Let [math](a, b][/math] be a half-open interval (containing [math]b[/math] but not [math]a[/math]), and let [math]f[/math] be a function which is integrable over the closed interval [math][t, b][/math] for every number [math]t[/math] in [math](a, b][/math]. The integral [math]\int_t^b f[/math] is thus defined if [math]a \lt t \leq b[/math], and our definition will concern the limit

[[math]] \begin{equation} \lim\lim_{t \rightarrow a_{+}} \int_t^b f. \label{eq8.7.1} \end{equation} [[/math]]

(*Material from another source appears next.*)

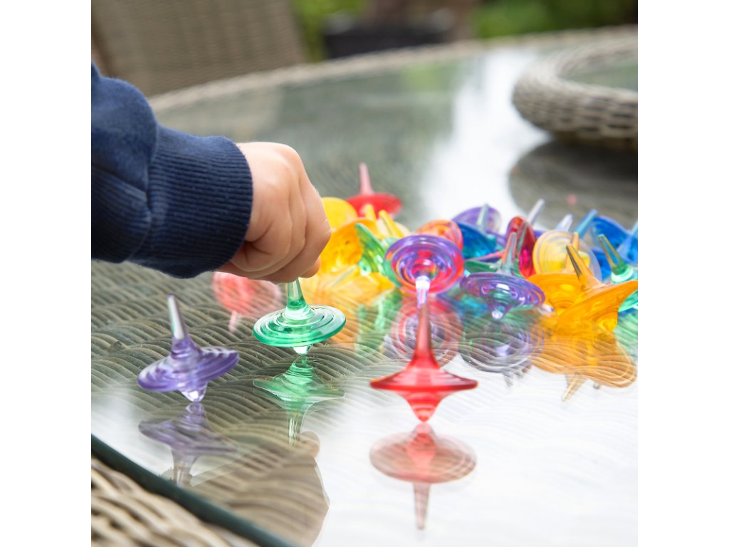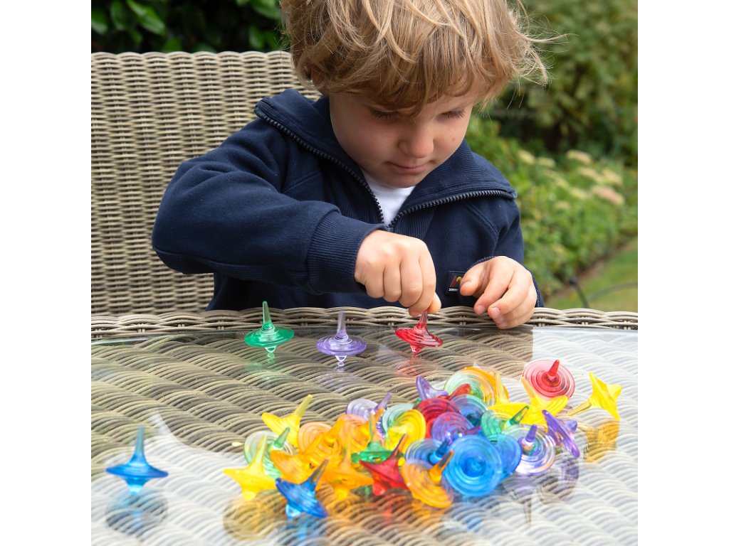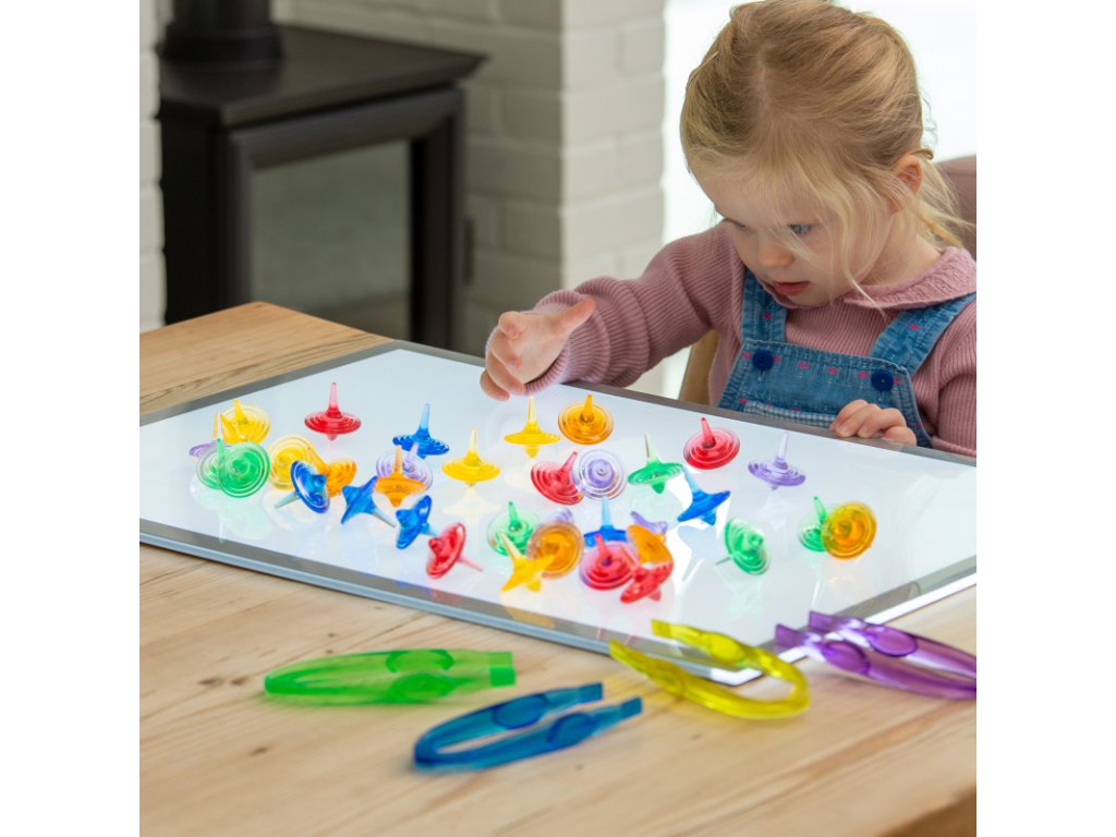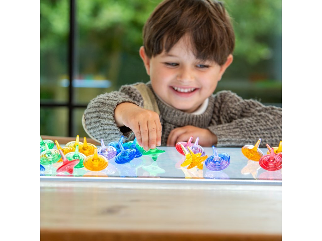Třídící senzorický set Průsvitné barevné káči – 72 ks je jedinečná senzorická pomůcka, která děti okamžitě zaujme svou jednoduchostí i vizuální přitažlivostí. Káči se snadno roztočí, krásně se točí na hladkém povrchu a vytvářejí poutavé barevné víření. Díky průhlednému materiálu se perfektně hodí i ke hře na světelném panelu.

We consider the following three cases: (i) The function $f$ is bounded on $(a, b]$. It is not difficult in this case to prove that [math]f[/math] is integrable over the closed interval [math][a, b][/math] and, in addition, that the limit (1) exists and is equal to [math]\int_a^b f[/math]. [If [math]a[/math] is not in the domain of [math]f[/math], we define [math]f(a)[/math] arbitrarily.] (ii) The function $f$ is not bounded on $(a, b]$, but the limit (1) exists. In this case [math]f[/math] is not integrable over [math][a, b][/math] according to our original dbefinition. Hence we define the improper integral, which is still denoted by [math]\int_a^b f[/math], to be the limit (1). (iii) The limit (1) does not exist. In this case the integral is not defined. Thus, if the limit exists, we have the equation

[[math]] \int_a^b f = \lim_{t \rightarrow a_{+}} \int_t^b f. [[/math]]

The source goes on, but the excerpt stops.